The straight bar ("|") isn't necessary. Just using that to separate the values. Of course, that's not as intuitive as "Friday 13".

I didn't realize this was a challenge question. You're all being lazy relying on the date function 😁

function isFridayThirteenth($year, $month, $day)
{
    $m = (($month+9)%12)+1;
    $C = floor($year/100);
    $Y = $year%100-(($m<11)?0:1);
    $W = ($day + floor(2.6*$m - 0.2) - (2*$C) + $Y + floor($Y/4) + floor($C/4)) % 7;
    
    return ($W==5 && $day==13);
}

 

Edited by Psycho
  • Like 1
5 minutes ago, Psycho said:

I didn't realize this was a challenge question.

It wasn't 😛

5 minutes ago, Psycho said:

You're all being lazy relying on the date function 😁

Yours doesn't work properly for the year 2000.
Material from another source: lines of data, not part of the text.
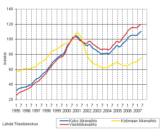 Sähkö- ja elektroniikkateollisuuden liikevaihdon, kotimaan liikevaihdon ja vientiliikevaihdon trendisarjat 1/1995 - 05/2007, 2000=100
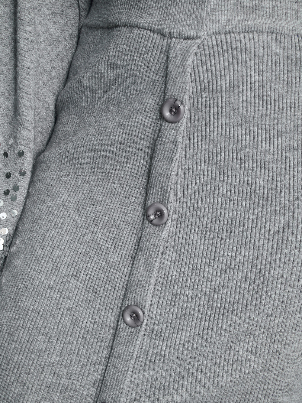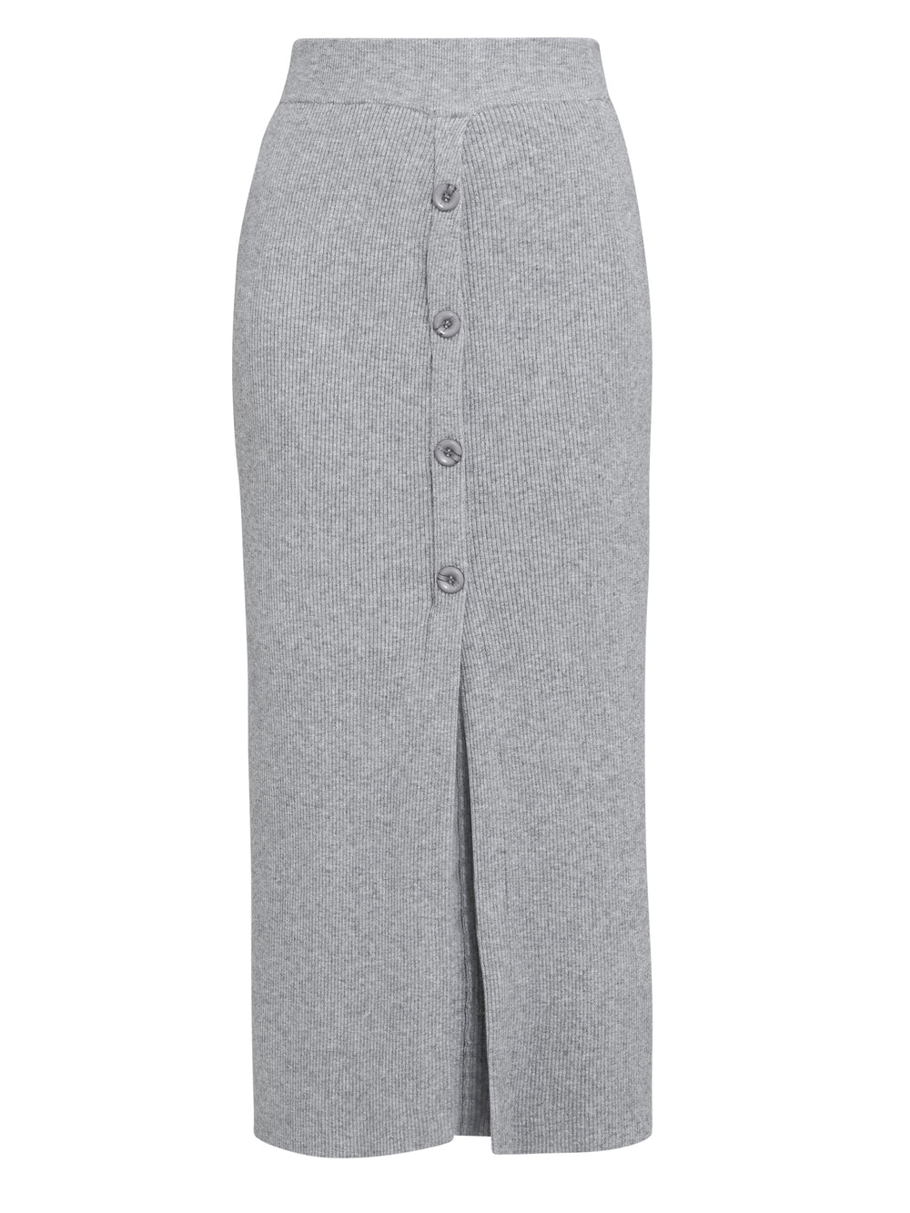 Chic, cozy and elegant. In a grey colour this knitted skirt is midi length that features button-down detailing and a sleek front slit that adds a touch of modern sophistication, perfect for both office settings and evening occasions.
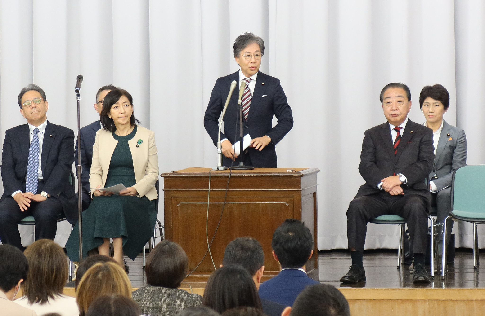 立憲民主党の両院議員総会であいさつする安住淳幹事長(中央)=17日午後、国会内
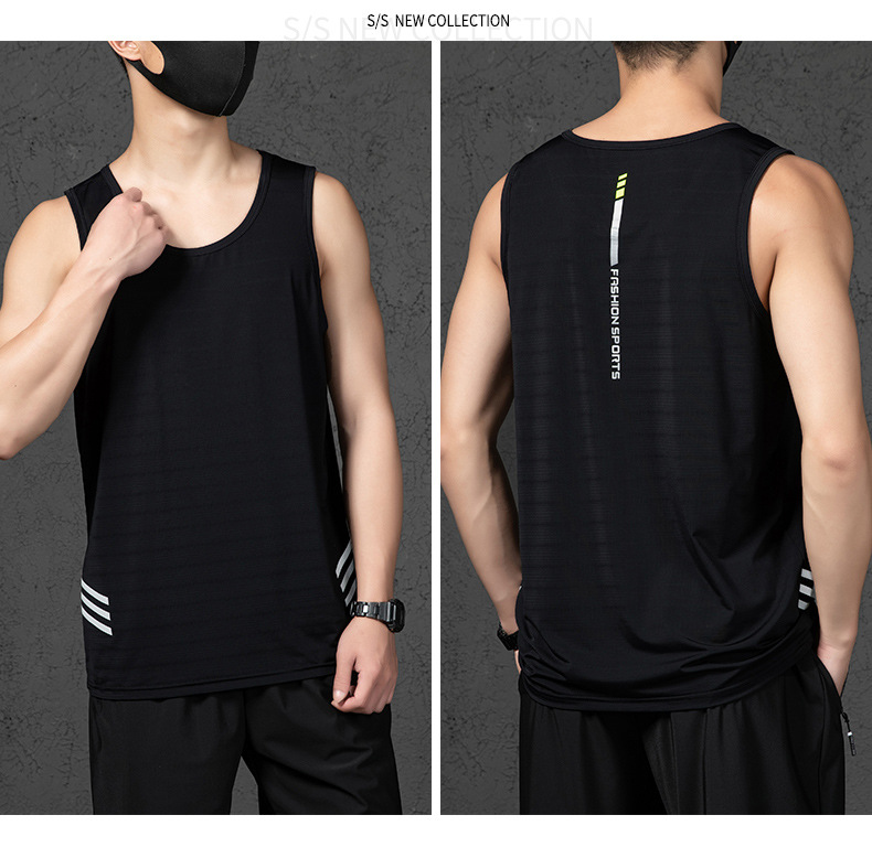 L-8X 초대형 아이스 실크 메쉬 조끼 남성 여름 유행 민소매 티셔츠 루즈 스포츠 양복 조끼 러닝 속건 의류

7 minutes ago, requinix said:

Yours doesn't work properly for the year 2000.

You're right. I was only considering future dates, but the same problem would occur in the year 2100. Apparently the problem stems from a flaw in the PHP logic for modulus which will return a negative number whereas most other languages only return a positive integer. I must fix this in case someone refers back to this post 80 years from now! I could define a custom modulus function to only return positive integers, but it's simpler for this process to just "hack" it by adding a hard-coded constant of 35 so the modulus of 7 will still be the same, but will never be negative.

For those to whom it is not obvious, this is all sarcasm. I did this as a mental exercise and am not proposing that this is a preferred solution in any way. But, it does work :)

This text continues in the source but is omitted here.